His deputy Sergei Ryabkov added that the embargo "directly harms the prospects of convening an international conference."

Russia, which is a key backer of Assad, and the United States, which supports the rebels fighting him, are jointly pushing the warring parties to agree to take part in an international peace conference in Geneva aimed at ending the more than two-year conflict, which has claimed some 94,000 lives.

Separately, in some of the most explicit comments to date on supplies of S-300 missiles to Syria by Moscow, Ryabkov said the anti-aircraft missiles acted as a "stabilising factor" in the Middle East.

"We consider these supplies a stabilising factor," he said, adding that they could act as a deterrence against foreign intervention.

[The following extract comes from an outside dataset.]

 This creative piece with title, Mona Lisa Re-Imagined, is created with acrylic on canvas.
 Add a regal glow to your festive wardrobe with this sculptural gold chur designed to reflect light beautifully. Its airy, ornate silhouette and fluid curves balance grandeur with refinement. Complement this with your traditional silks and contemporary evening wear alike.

Ryabkov's comments sparked a quick response from Israel, which claimed that Russia had not yet delivered any missiles to the Syrian government but said it "will know what to do" if it does -- an apparent allusion to another air-strike on Syria.

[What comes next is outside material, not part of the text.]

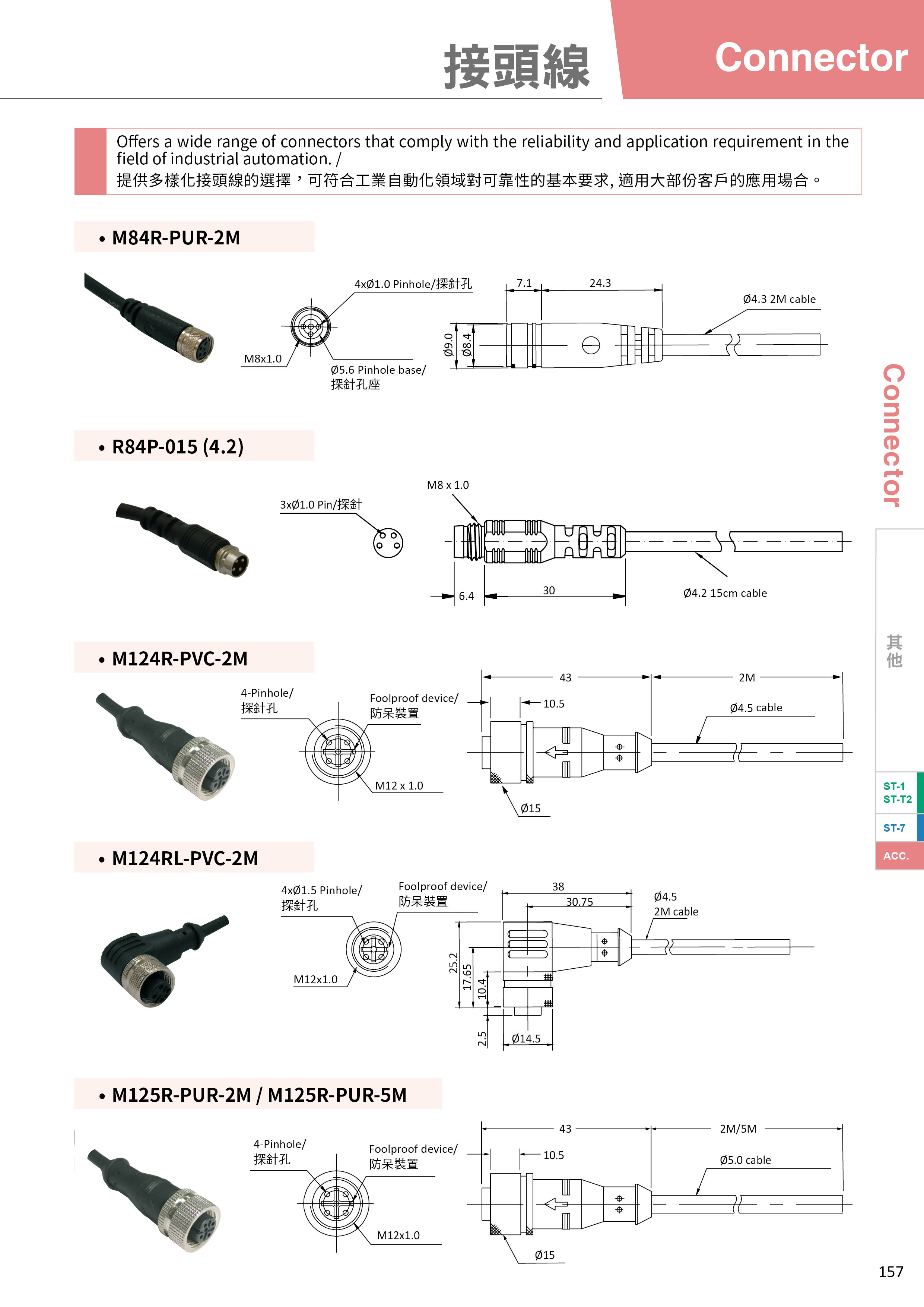 • 提供多樣化接頭線的選擇,可符合工業自動化領域對可靠性的基本要求, 適用大部份客戶的應用場合。

Ryabkov said Russia had signed a contract with the Syrian regime several years ago to supply the missiles, without specifying whether any deliveries had been made.

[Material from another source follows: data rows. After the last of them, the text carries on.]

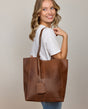 Bandolera cuero mujer shopper asas piel marrón cuero 13 L
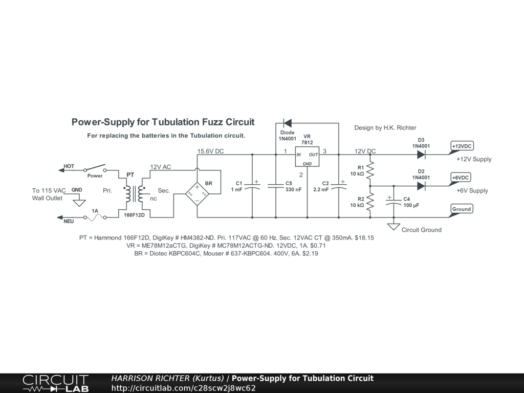 Power-Supply for Tubulation Circuit. Regulated power-supply providing +12V DC and +6V DC with current capability up to 350 mA. Purpose-designed for replacing the batteries in the Tubulation circuit.
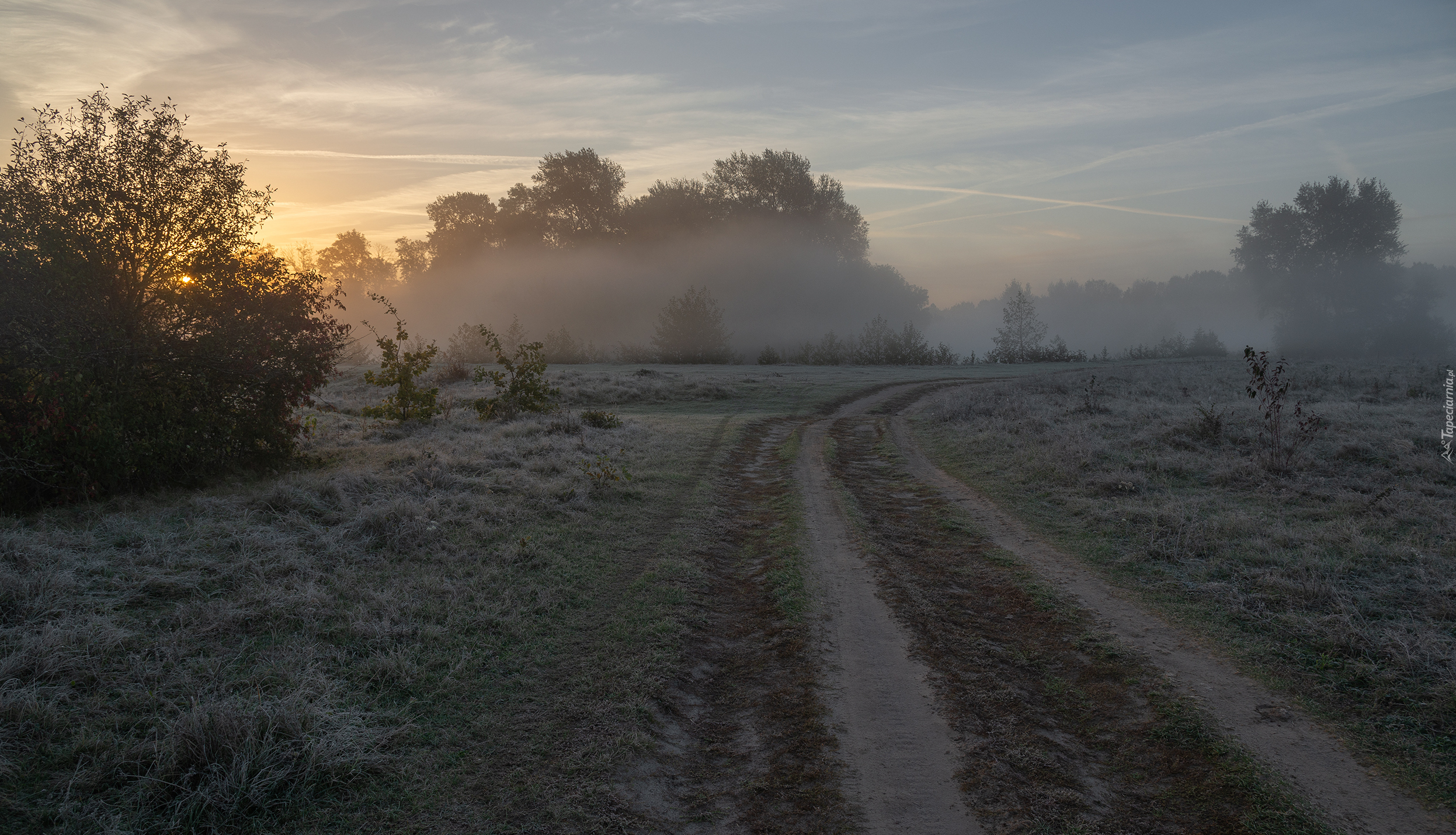 Edytor tapety: Droga pośród oszronionych traw na łące
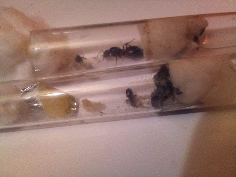 La première mesure 7 mm et est totalement noire. Elle marchait au sol et avait ses ailes mais s'est empressée de les enlever une fois mise dans le tube. Elle a ensuite commencé à pondre une belle grappe qui aujourd'hui commence à éclore.
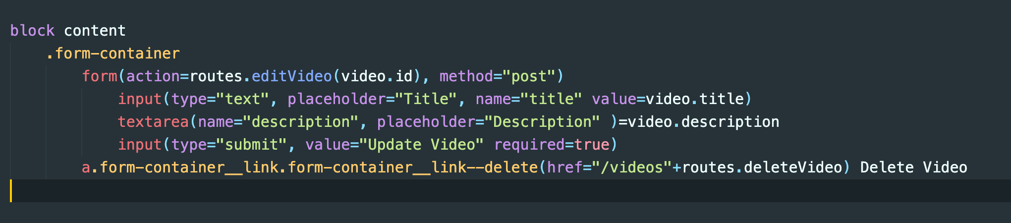 그리고 editVideo 템플릿에 라우트도 수정해주고 수정페이지에 들어오면 기존 세부사항과 타이틀이 남아있게 하기 위해 박스에 벨류를 추가해준다.
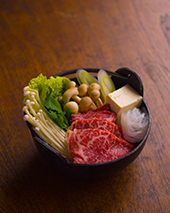 ある日の献立鳥取和牛すき焼き・境港産刺身盛・季節の天ぷら・大山そば・酢の物・先付け
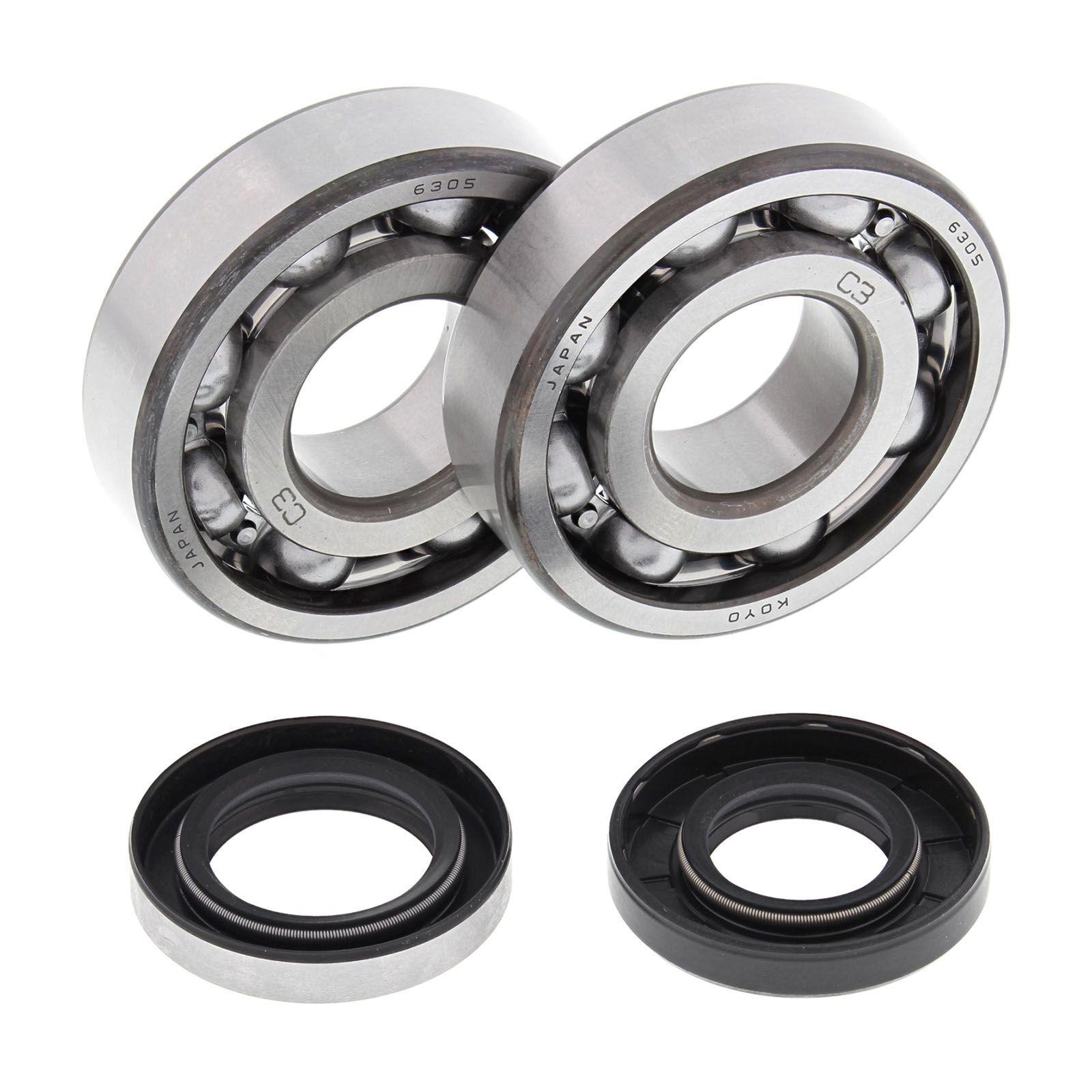 A quality Engine Main Bearing kit from All Balls. Manufactured in Japan to exacting specifications so quality and durability is assured. Contains bearings and seals as required per application. Rebuild your engine with these and enjoy trouble free riding for years to come.

He also stressed that the weapons were purely defensive, insisting that they were designed to protect the regime against outside forces rather than serving to crush the domestic opposition.

Ryabkov reiterated that Russia's arms deliveries to Assad's forces were legitimate because they were conducted under pre-war agreements that were reached with an internationally recognised government.

Lavrov for his part accused Western nations of frustrating efforts to hold the proposed Syrian peace conference.

"A whole range of activities that are being undertaken -- not without participation, not without support of our Western partners including the United States and France --- objectively, intentionally or unintentionally work to disrupt the idea of convening the conference," he said.

He also said Iran should join the talks despite reservations from some Western countries such as France.

"The issue of Iran is key for us," Lavrov was quoted as saying.

Ryabkov argued that the fractured opposition's failure to appoint any representatives for the proposed conference was the biggest existing stumbling block to peace.

"The fragmented nature of the groups fighting the government and the inability of our partners including the United States and the EU to ensure a sufficient level of representation by the opposition at the conference are the main stumbling block today," he said.

"The European Union is essentially adding fuel to the fire of the conflict and reducing the chances of a conference being conducted on Syria."

The proposed "Geneva 2" meeting is expected to take place some time next month after US Secretary of State John Kerry and Lavrov agreed in May to try to bring the warring sides together at a conference.

Ryabkov also accused the 27-nation EU of setting "double standards" by lifting the embargo against the opposition but not Syrian President Bashar al-Assad's troops.